*Brief*
Your answer must contain only the lines from the one containing "Outro pontilhão isolado, na" through the end of the entries below, reproduced character for character.

(Dataset records)
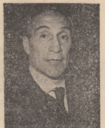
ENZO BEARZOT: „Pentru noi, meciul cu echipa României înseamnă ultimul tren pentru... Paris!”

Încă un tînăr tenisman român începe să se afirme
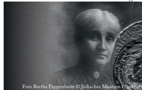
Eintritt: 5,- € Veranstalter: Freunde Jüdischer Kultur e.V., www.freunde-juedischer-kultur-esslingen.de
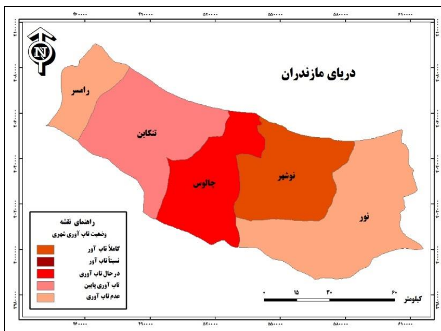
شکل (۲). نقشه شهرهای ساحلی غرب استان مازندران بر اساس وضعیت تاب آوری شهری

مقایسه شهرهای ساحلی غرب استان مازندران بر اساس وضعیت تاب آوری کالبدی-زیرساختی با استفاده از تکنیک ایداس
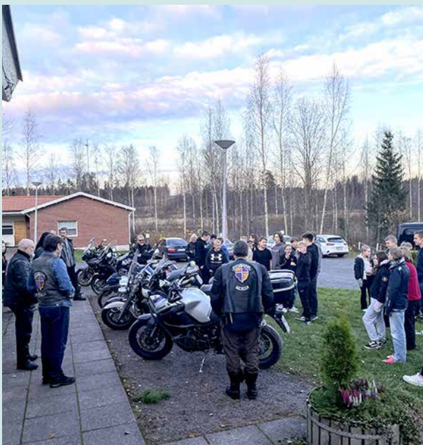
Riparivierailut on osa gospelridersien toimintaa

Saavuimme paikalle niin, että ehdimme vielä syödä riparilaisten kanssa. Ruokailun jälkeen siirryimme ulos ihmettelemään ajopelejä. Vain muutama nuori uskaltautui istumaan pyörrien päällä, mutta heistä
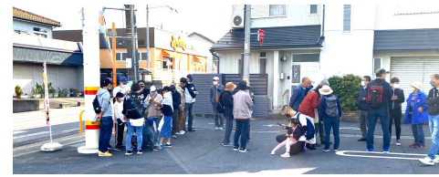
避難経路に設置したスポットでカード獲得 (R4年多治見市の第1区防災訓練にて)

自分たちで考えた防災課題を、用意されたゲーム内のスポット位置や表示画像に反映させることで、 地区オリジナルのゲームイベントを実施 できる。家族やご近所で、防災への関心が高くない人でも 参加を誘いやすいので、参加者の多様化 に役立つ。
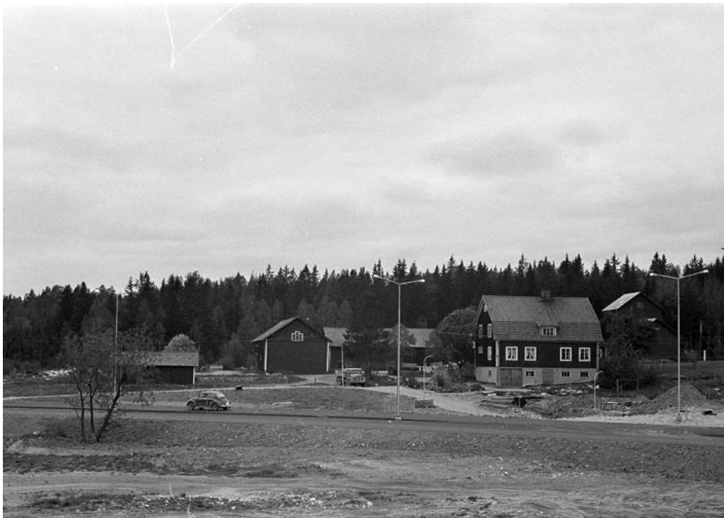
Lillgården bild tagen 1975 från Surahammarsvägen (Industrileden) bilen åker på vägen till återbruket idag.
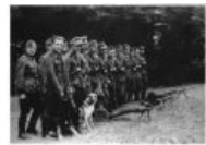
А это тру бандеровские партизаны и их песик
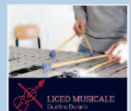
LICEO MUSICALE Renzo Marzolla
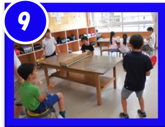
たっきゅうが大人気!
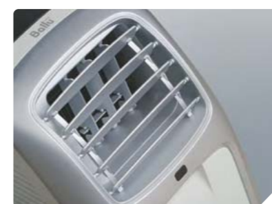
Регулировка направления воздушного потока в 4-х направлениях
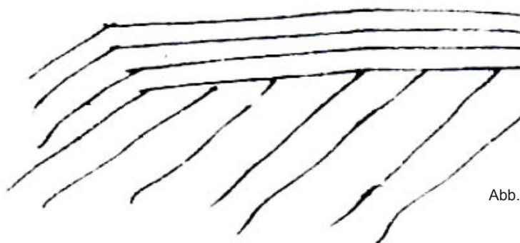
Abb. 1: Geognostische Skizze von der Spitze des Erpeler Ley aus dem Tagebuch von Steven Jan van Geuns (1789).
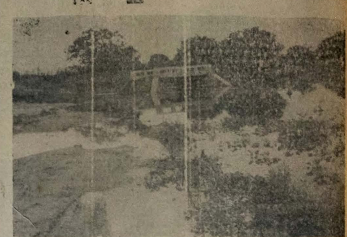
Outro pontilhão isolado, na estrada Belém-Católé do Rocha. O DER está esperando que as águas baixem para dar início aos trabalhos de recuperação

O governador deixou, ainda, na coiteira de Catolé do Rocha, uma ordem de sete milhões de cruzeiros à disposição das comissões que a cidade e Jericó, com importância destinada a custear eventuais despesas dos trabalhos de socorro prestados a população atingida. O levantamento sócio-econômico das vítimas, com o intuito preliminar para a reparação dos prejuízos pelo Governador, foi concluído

*Answer to this task*
Outro pontilhão isolado, na estrada Belém-Católé do Rocha. O DER está esperando que as águas baixem para dar início aos trabalhos de recuperação

O governador deixou, ainda, na coiteira de Catolé do Rocha, uma ordem de sete milhões de cruzeiros à disposição das comissões que a cidade e Jericó, com importância destinada a custear eventuais despesas dos trabalhos de socorro prestados a população atingida. O levantamento sócio-econômico das vítimas, com o intuito preliminar para a reparação dos prejuízos pelo Governador, foi concluído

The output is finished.